Vector-retrieval expert summary

Mean scores: accuracy 4.26 / succinctness 3.15 / usefulness 2.46 / ask 3.23 / mcp 3.31

Corpus stats (embed_text):

identifier density per 100 chars: median 3.56, p10 1.68, p90 5.05
38% of nodes have density < 3.0 (target floor); 14% under 2.0 (prose territory)
coverage of source identifiers: median 0.53, p10 0.25, p90 1.00
prose-stopword ratio: median 0.00, p90 0.04
front-240-char density (post-truncation): median 3.75, p10 1.67

Top strengths (top 3, concrete)

Strong front-loading on the dense majority: best exemplars (e.g. 1b1ac570-0ec9-4404-93c3-e1852b1a3333, e276ab79-158b-4e76-a35d-6fbc54d0706c) front-density 6.1/8.3 per 100 chars and coverage 1.00/0.59 — these will retrieve cleanly from sqlite-vec and survive truncation.
File-path retention is generally good: across the corpus, median coverage of source identifiers is 0.53; many nodes (e.g. 1b63fe7b-2dde-47cc-8647-ea2b9a889443) preserve the deep crates/... and brain/src/... paths verbatim, which is exactly what search_knowledge’s FTS and the vec0 cosine want.
Versions and env-var-style constants (UPPERCASE_WITH_UNDERSCORES) make it through with high fidelity in the strong nodes — the verbatim-preservation rule is mostly being honoured (e.g. da979c70-f512-4dc3-ba51-2a93ba3f6935).

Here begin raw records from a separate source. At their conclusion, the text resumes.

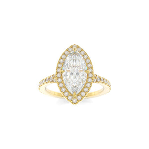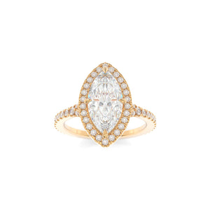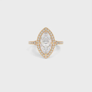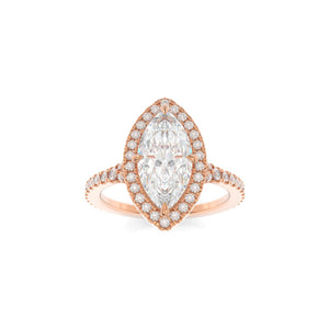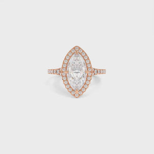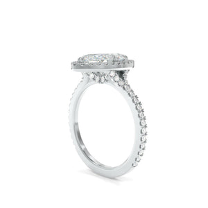 The Leighton Ring is a graceful fusion of elegance and engineering. Its soft-cornered halo, delicately set with diamonds, frames the center stone with subtle, contrast. A thoughtfully designed split shank adds dimension and visual interest, creating an alluring silhouette from every angle.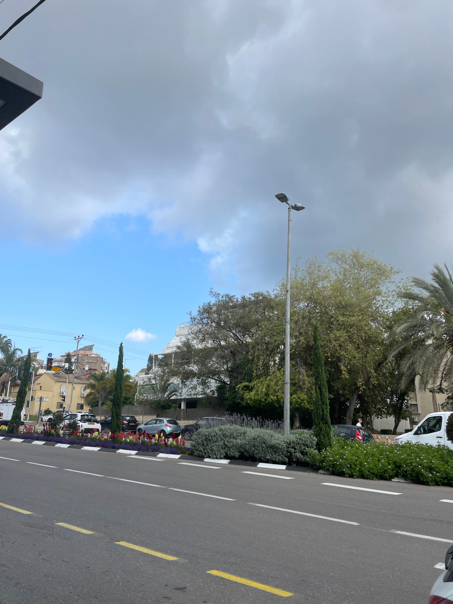 The image depicts a street scene in Raanana, Israel. The view is taken from ground level, looking along a road with multiple lanes marked by white and yellow lines. On the right side of the road, ther…read more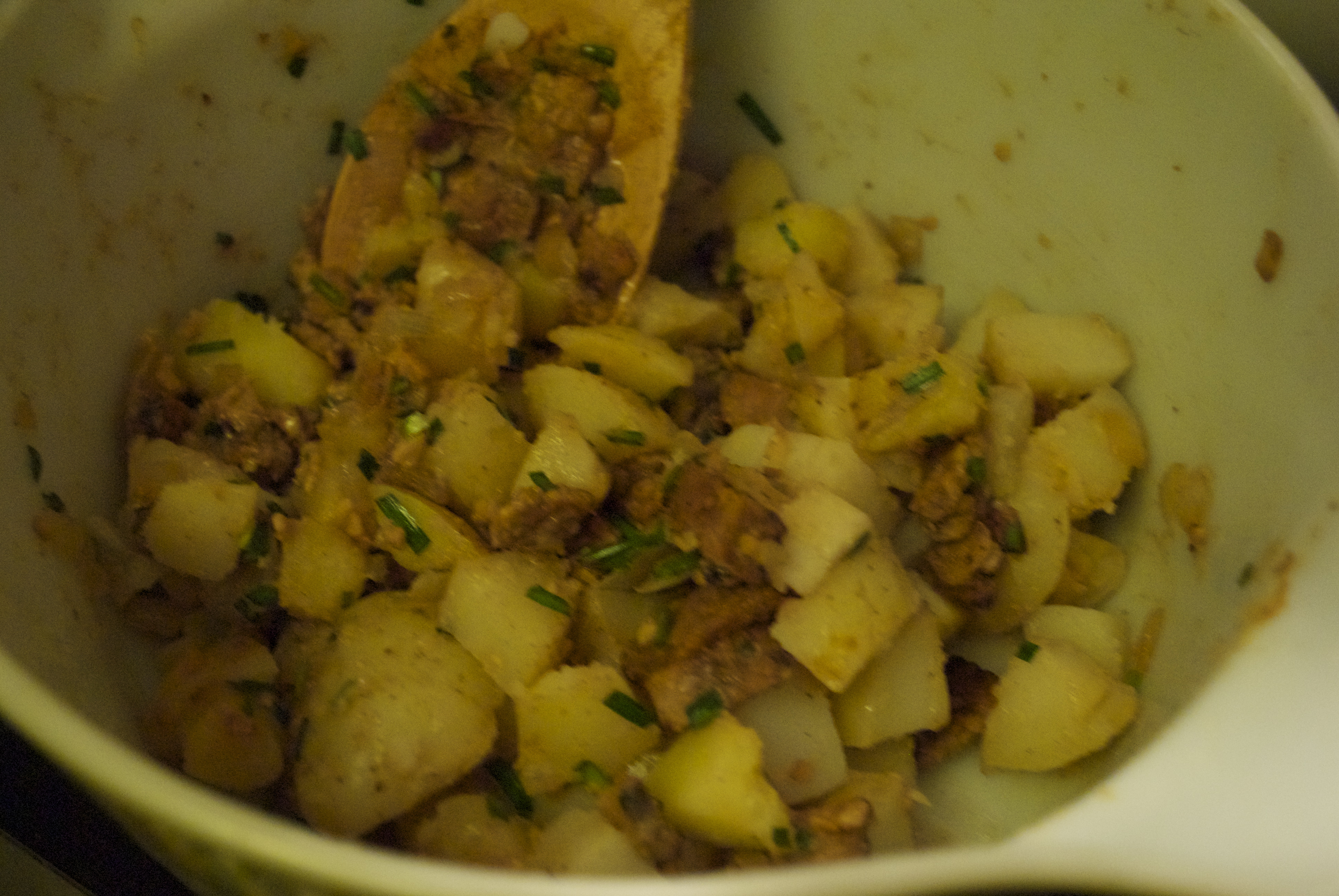 German Potato Salad w/ Tempeh Bacon. Nice and blurry. Chives were from my porch garden. Represent.

Top weaknesses (top 3, concrete)

A long tail reverts to prose: 14% of nodes have <2 identifiers per 100 chars of embed_text — these read like sentences, not tag soup. Worst examples: b63c3f9b-d9b5-4510-ad13-afe41d5a3435 (d=0.7, prose=0.00), 7a73195e-05ff-4138-adab-5f9f15006399 (d=0.7).
Coverage drops sharply on dense Claude sessions: when source has dozens of identifiers, the median surviving fraction is 0.53; nodes like c1260596-e479-4bc7-a9ff-6904f722fefd (cov=0.33) drop high-value file paths and symbol names that users will absolutely query for.
Under-densification on short_embed stratum: nodes with embed_text_len < 200 rarely compensate with density. Several short rows (e.g. e5978deb-5385-4bf6-8267-30820deba36e len=104) carry only 3 identifiers — these will rarely surface in vec0 ranking against richer neighbours.

Worst 5 nodes

uuid	reason
b63c3f9b-d9b5-4510-ad13-afe41d5a3435	density=0.7/100ch, coverage=0.20, prose=0.00, len=152, ids=1
7a73195e-05ff-4138-adab-5f9f15006399	density=0.7/100ch, coverage=0.33, prose=0.05, len=144, ids=1
c1260596-e479-4bc7-a9ff-6904f722fefd	density=0.6/100ch, coverage=0.33, prose=0.00, len=166, ids=1
e5978deb-5385-4bf6-8267-30820deba36e	density=2.9/100ch, coverage=0.01, prose=0.07, len=104, ids=3
7b8d9699-2064-4698-84f2-ed5f0aa7dca3	density=1.1/100ch, coverage=0.40, prose=0.00, len=175, ids=2

Cross-cutting observation

The model mostly honours the tag-soup directive: median density 3.56 per 100 chars, with 62% of nodes clearing the 3-per-100 bar. The remaining failure mode is coverage on long Claude sessions (median 0.53) — when the source has 60+ identifiers, the model picks ~25 and silently drops the rest, often the deepest file paths. Front-loading is good (median front-240 density 3.75), so truncation hurts less than coverage does.